**Material for this exercise**
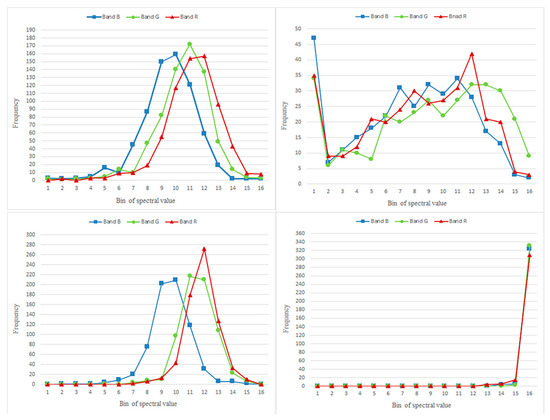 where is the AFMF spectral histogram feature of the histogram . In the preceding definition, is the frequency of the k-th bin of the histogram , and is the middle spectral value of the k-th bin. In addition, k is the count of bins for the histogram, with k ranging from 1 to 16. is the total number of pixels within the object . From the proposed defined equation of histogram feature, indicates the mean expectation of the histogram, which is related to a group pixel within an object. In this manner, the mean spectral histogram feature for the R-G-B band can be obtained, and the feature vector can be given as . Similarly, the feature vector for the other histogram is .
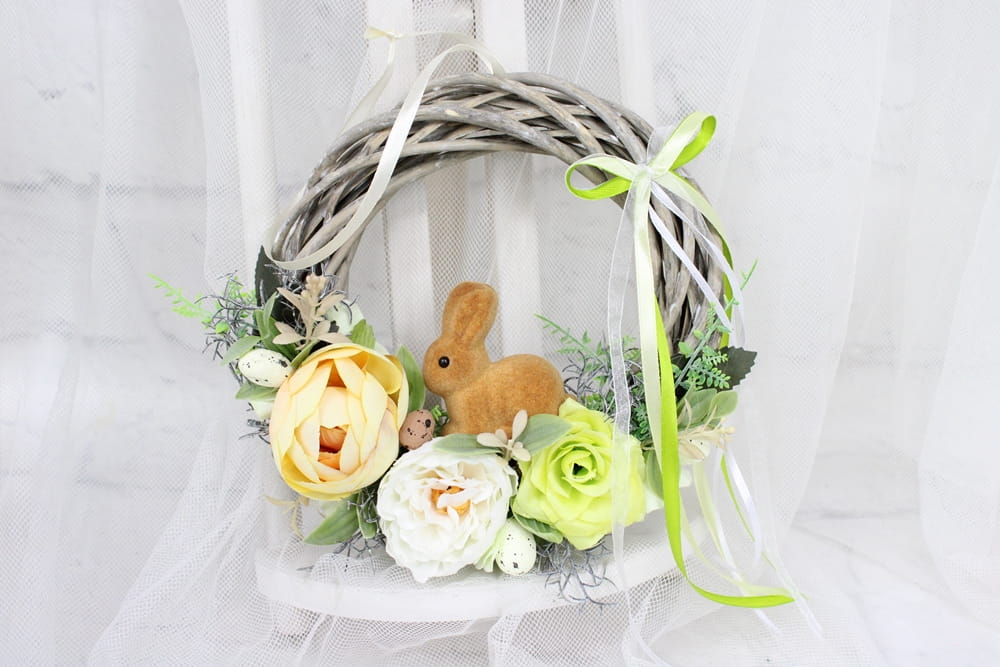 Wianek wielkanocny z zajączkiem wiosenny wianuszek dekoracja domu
==
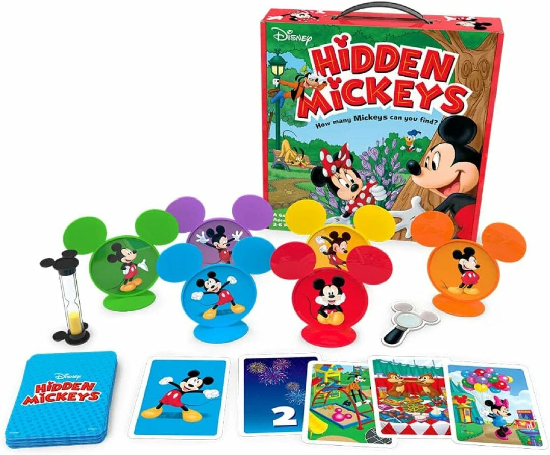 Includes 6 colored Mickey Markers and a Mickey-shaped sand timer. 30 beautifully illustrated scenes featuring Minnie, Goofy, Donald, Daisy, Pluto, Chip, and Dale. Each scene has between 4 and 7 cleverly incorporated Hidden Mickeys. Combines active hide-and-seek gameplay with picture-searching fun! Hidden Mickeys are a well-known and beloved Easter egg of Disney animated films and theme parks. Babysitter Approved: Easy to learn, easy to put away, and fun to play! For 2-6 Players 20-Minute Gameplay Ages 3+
--
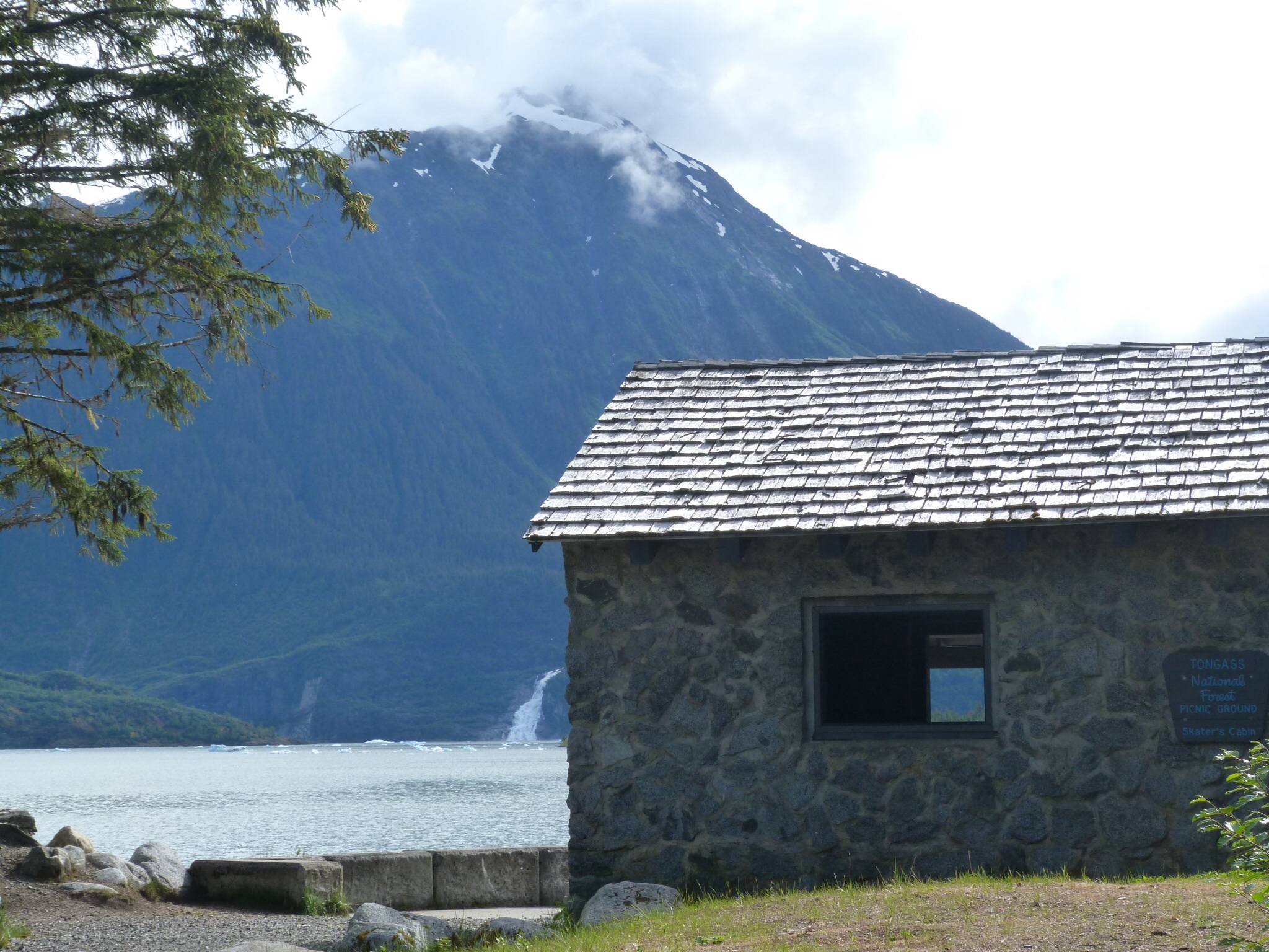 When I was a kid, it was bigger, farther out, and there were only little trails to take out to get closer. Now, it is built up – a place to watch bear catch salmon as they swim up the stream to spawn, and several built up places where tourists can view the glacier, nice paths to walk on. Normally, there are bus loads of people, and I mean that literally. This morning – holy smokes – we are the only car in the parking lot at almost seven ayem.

**Work request**
Return, exactly as they stand, the lines above from the one with "where is the" to the one with "Wianek wielkanocny z", omitting any pictures among them.

**Output below**
 where is the AFMF spectral histogram feature of the histogram . In the preceding definition, is the frequency of the k-th bin of the histogram , and is the middle spectral value of the k-th bin. In addition, k is the count of bins for the histogram, with k ranging from 1 to 16. is the total number of pixels within the object . From the proposed defined equation of histogram feature, indicates the mean expectation of the histogram, which is related to a group pixel within an object. In this manner, the mean spectral histogram feature for the R-G-B band can be obtained, and the feature vector can be given as . Similarly, the feature vector for the other histogram is .
 Wianek wielkanocny z zajączkiem wiosenny wianuszek dekoracja domu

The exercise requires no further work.